Extracted records →
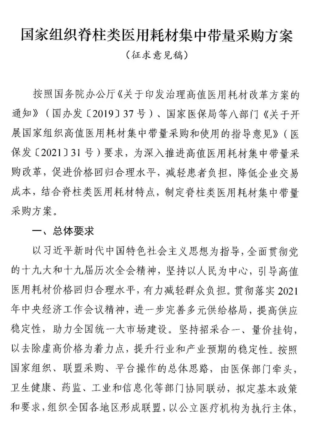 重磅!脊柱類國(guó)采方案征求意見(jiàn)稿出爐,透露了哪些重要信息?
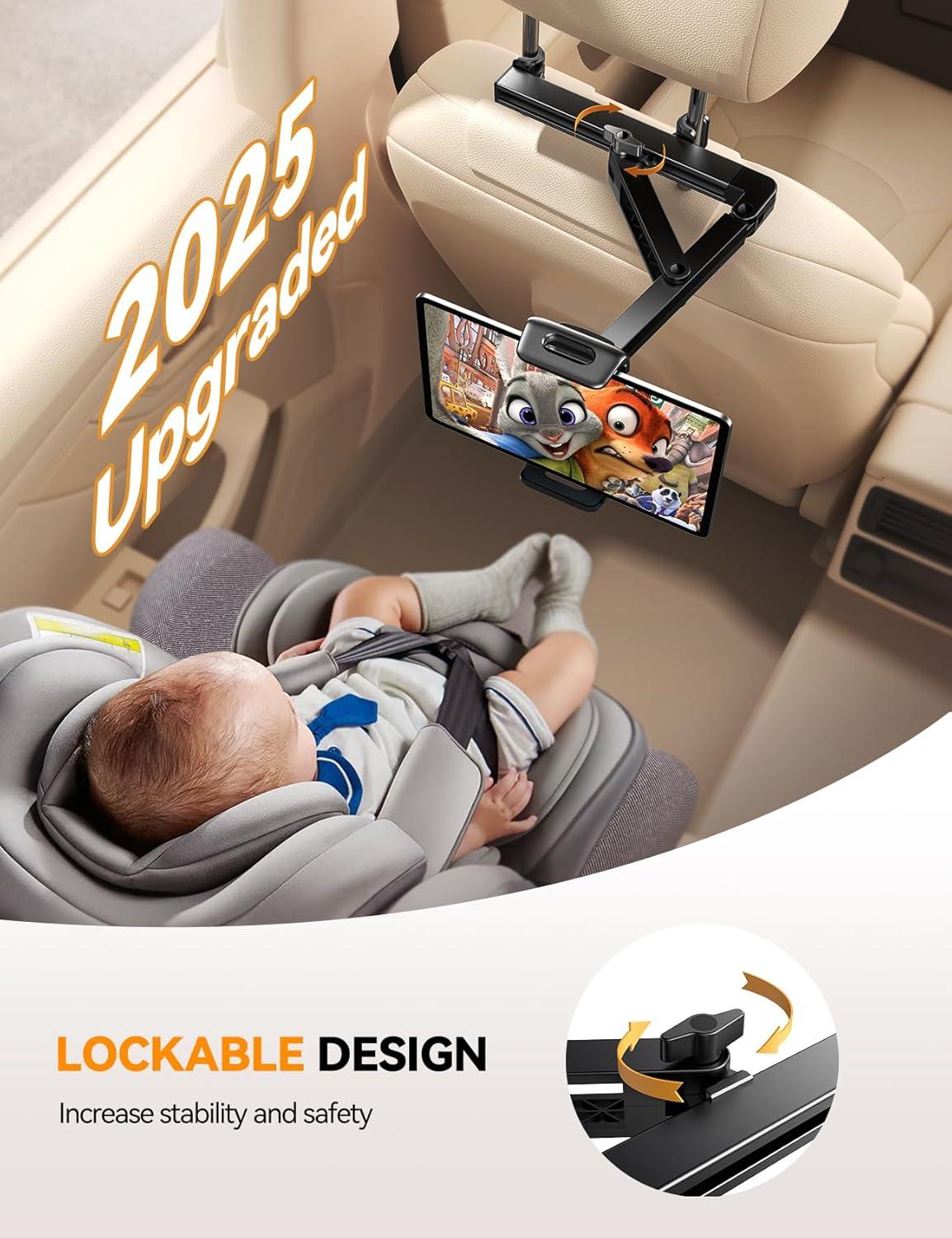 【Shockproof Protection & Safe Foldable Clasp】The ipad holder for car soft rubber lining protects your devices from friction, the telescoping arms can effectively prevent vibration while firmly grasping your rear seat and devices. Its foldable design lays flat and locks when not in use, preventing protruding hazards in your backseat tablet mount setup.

==

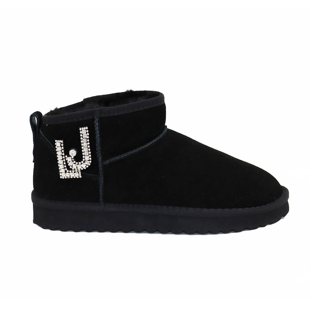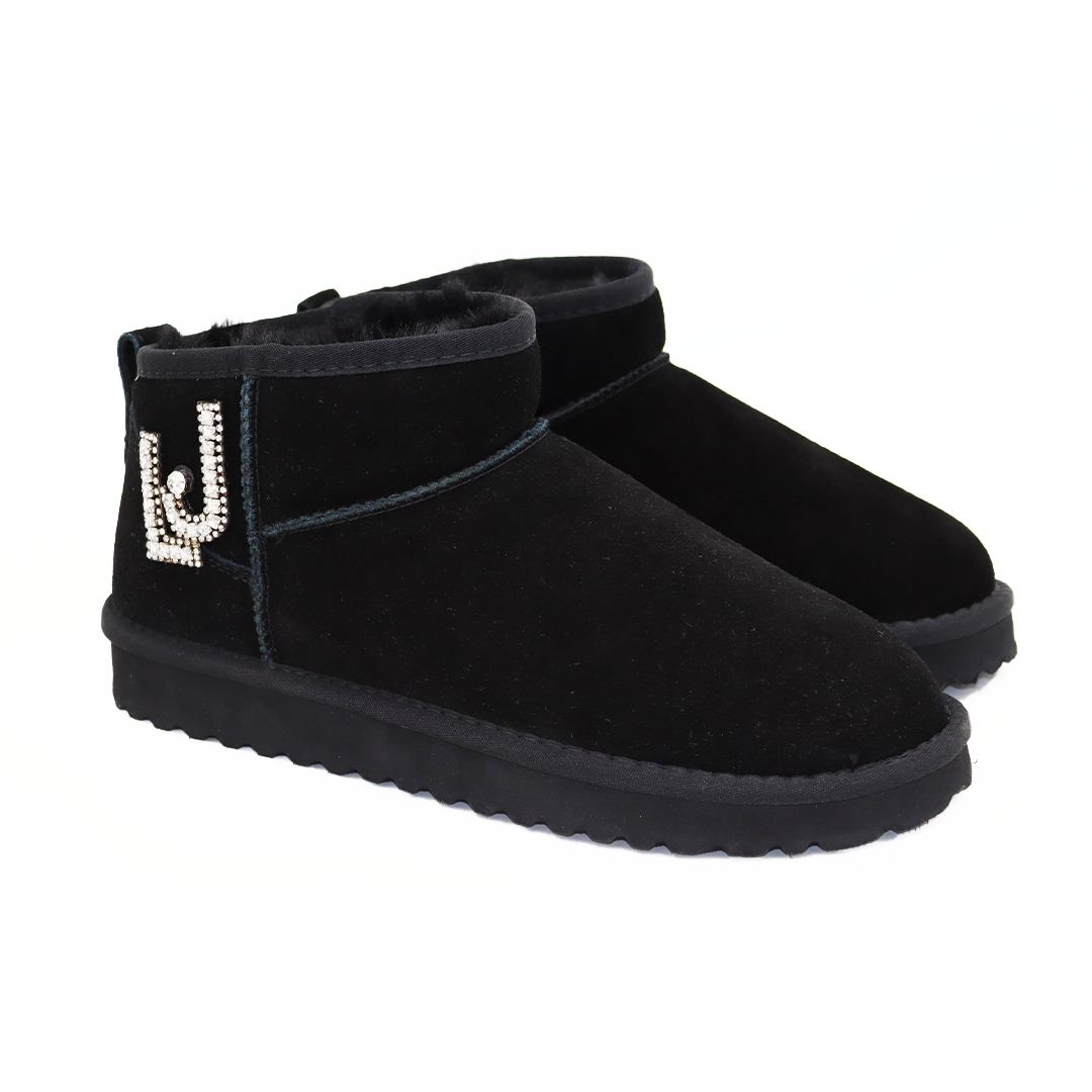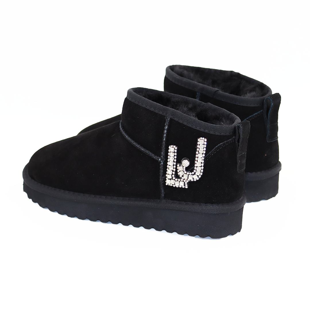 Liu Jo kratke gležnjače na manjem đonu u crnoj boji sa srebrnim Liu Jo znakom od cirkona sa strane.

Exercise directions →
In the listing above, find the line containing "重磅!脊柱類國(guó)采方案征求意見(jiàn)稿出爐,透露了哪些重要信息?" and the line containing "tablet mount setup.", then return both of them and every line between, exactly, without pictures.

Answer →
 重磅!脊柱類國(guó)采方案征求意見(jiàn)稿出爐,透露了哪些重要信息?
 【Shockproof Protection & Safe Foldable Clasp】The ipad holder for car soft rubber lining protects your devices from friction, the telescoping arms can effectively prevent vibration while firmly grasping your rear seat and devices. Its foldable design lays flat and locks when not in use, preventing protruding hazards in your backseat tablet mount setup.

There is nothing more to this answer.